Capitalismo vs Socialismo (2ª Parte)

Capitalismo vs Socialismo (a través de la Historia) IIª Parte

Capitalismo vs Socialismo (a través de la Historia) IIª Parte

(…) Y comienzan a promulgarse leyes de carácter social sobre horarios máximos, salarios mínimos, desempleo, libertad sindical, derecho de huelga, seguros de paro, invalidez y vejez… Era un nuevo capitalismo. (Ir a la 1ª Parte)

NEOCAPITALISMO Y MULTINACIONALES

Las soluciones: liberales o autoritarias
La crisis del 29 provoca en Estados Unidos el proteccionismo estatal para superar el hundimiento económico y la adopción de leyes sociales. En Europa ocurrirá lo mismo. El Frente Popular francés consigue vacaciones pagadas, convenios colectivos y, por primera vez en la historia, la semana de cuarenta horas. En Inglaterra, donde el Laborismo tenía ya una gran fuerza, el economista Keynes elabora la tesis de la economía contemporánea, viniendo a consagrar las medidas que se estaban tomando: Leyes sociales e intervencionismo estatal.
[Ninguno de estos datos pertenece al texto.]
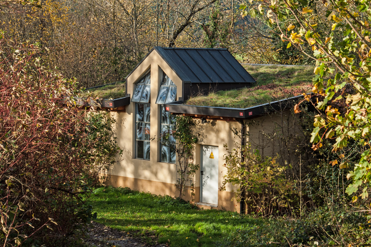 Südseite des Turbinenhauses von der Dreisam-Uferwiese aus gesehen

Los regímenes autoritarios, mientras tanto, en la Alemania de Hitler y la Italia de Mussolini, han establecido una economía de autarquía y de un feroz control por parte del Estado, de las libertades individuales. Ello les va a permitir sortear la crisis económica fanatizando el sentimiento nacionalista de sus respectivos pueblos, como luego veremos. Se favorece la industria pesada y se crea la teoría del espacio vital y de la superioridad racial. Una industria de guerra y un rígido corporativismo encauza todas las energías de estos países. Alemania, a partir de la subida al poder de los nazis corta el pago de las indemnizaciones de guerra, instaura de nuevo el servicio militar y comienza una serie de anexiones fronterizas. En 1939 estalla la Segunda Guerra Mundial, en la que entrará el Japón, junto a las potencias del Eje, para consolidar su imperio en el Oriente asiático y pacífico.
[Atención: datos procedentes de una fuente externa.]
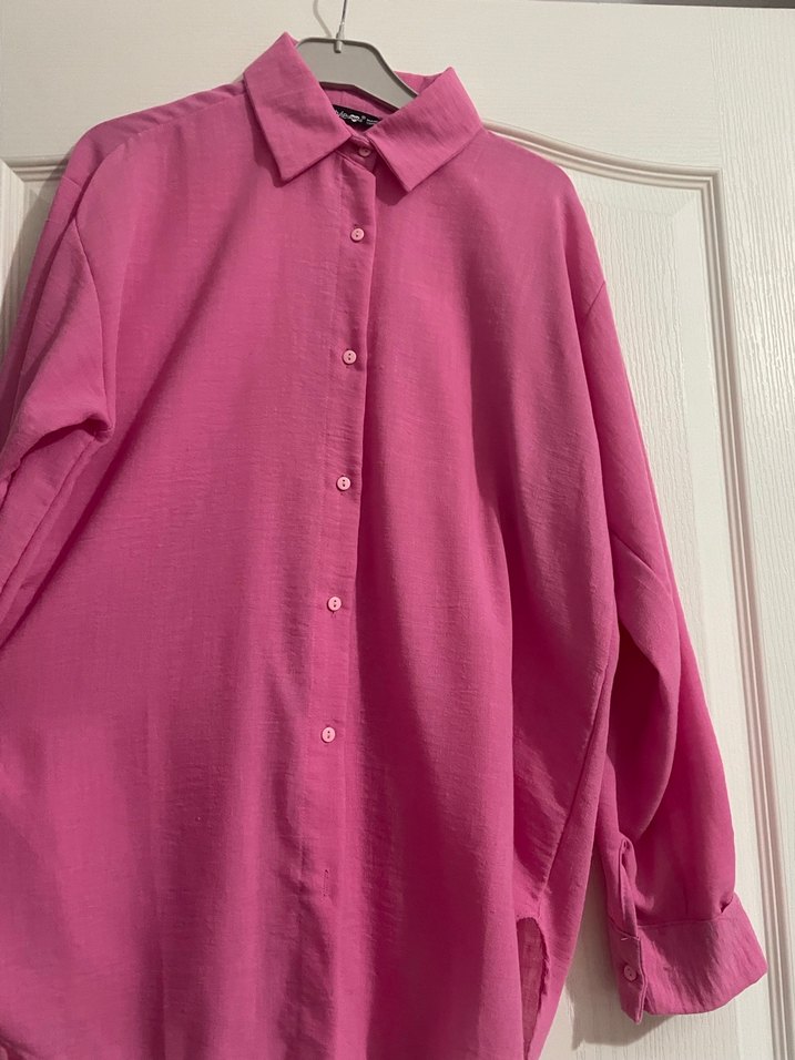 Düğmeli Pembe Keten Kadın Gömlek hiç giyilmedi

El liderazgo norteamericano
Acabada la guerra en 1945, Europa aparece arrasada. Si después de la primera guerra todavía tenía un superávit de 4.000 millones de dólares, en 1947 tiene un déficit ya de 1.400 millones. América, que no ha sufrido en su territorio, apoyada en ingentes recursos naturales, aparece como la dueña del mundo. Las democracias occidentales deben a Estados Unidos, por préstamos de guerra, 50.592 millones de dólares.
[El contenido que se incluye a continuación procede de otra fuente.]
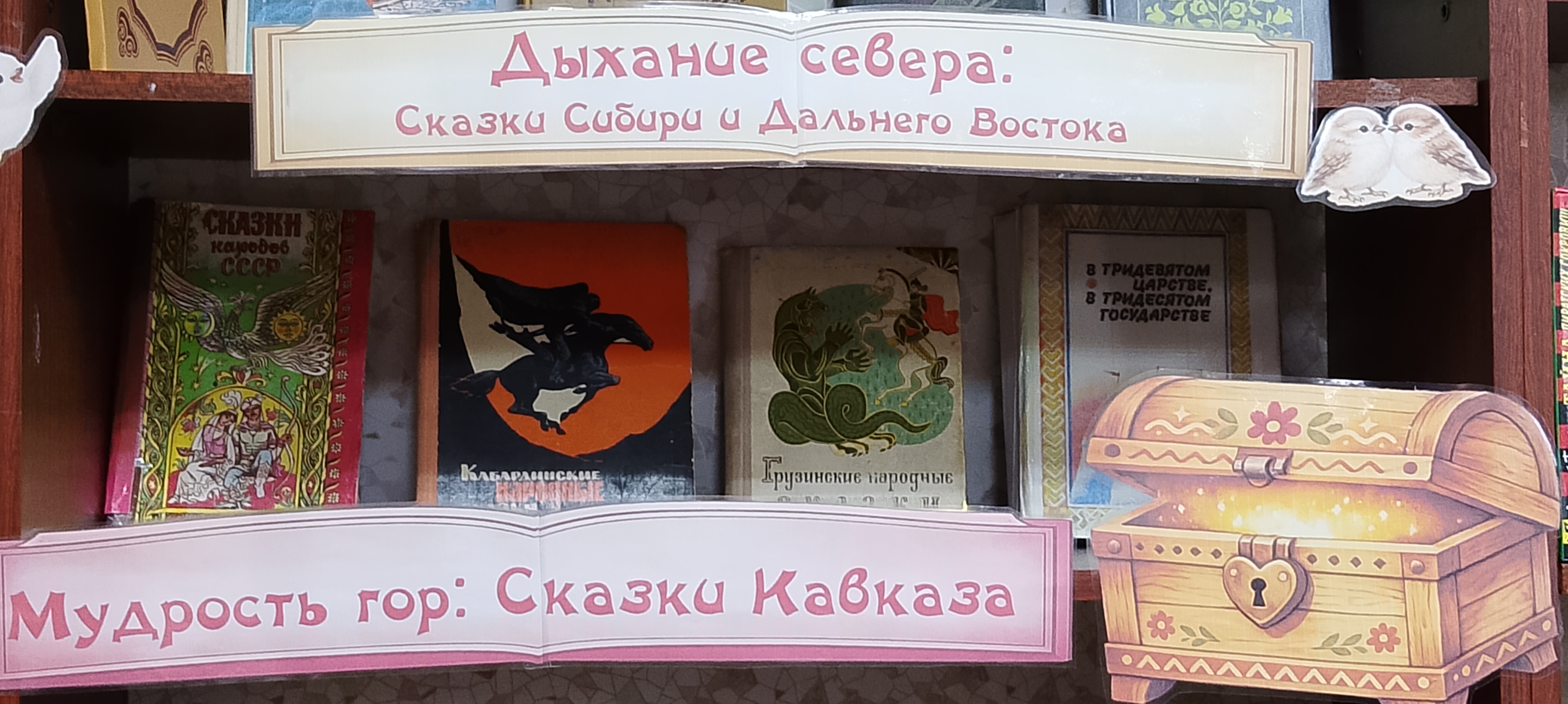 В Год единства народов России на детском абонементе сельской библиотеки-филиала № 10 оформлена книжная иллюстративная выставка «Сказки, в которых живет Россия». Книжная экспозиция приглашает читателей в увлекательное путешествие от заснеженной тундры до кавказских гор.

Norteamérica provoca la conferencia de Bretton Woods, que establece el patrón oro y el carácter de divisa internacional para el dólar (Estados Unidos poseía el 63,3 por 100 de todo el oro mundial). En 1947 se establece el Plan Marshall para la reconstrucción económica de Europa que se ve inundada por una riada de dólares. El plan tiene un doble fin: crear un mercado para la enorme producción industrial de Estados Unidos y frenar la expansión del comunismo que, también triunfante en la guerra, se ha apoderado de toda Europa oriental en 1946, implantándose en China en 1949 y extendiéndose por Asia (Corea, Vietnam…).

A partir de este momento, las empresas norteamericanas (y después, tímidamente, alguna europea) se lanzan a una expansión internacional por todo el mundo, en busca de materias primas, mano de obra barata, evasión de impuestos y creación de mercados. Era un movimiento que ya había empezado en el período de entreguerras (la Royal Dutch Shell anglo-holandesa o la Standard Oil norteamericana) y que ahora se consolida definitivamente. Surgen grupos de empresas (trust) o asociaciones para fijar precios y condiciones de venta (cártels). Las naciones establecen acuerdos de trueques o sistemas de clearing y los tentáculos de las sociedades multinacionales se extienden.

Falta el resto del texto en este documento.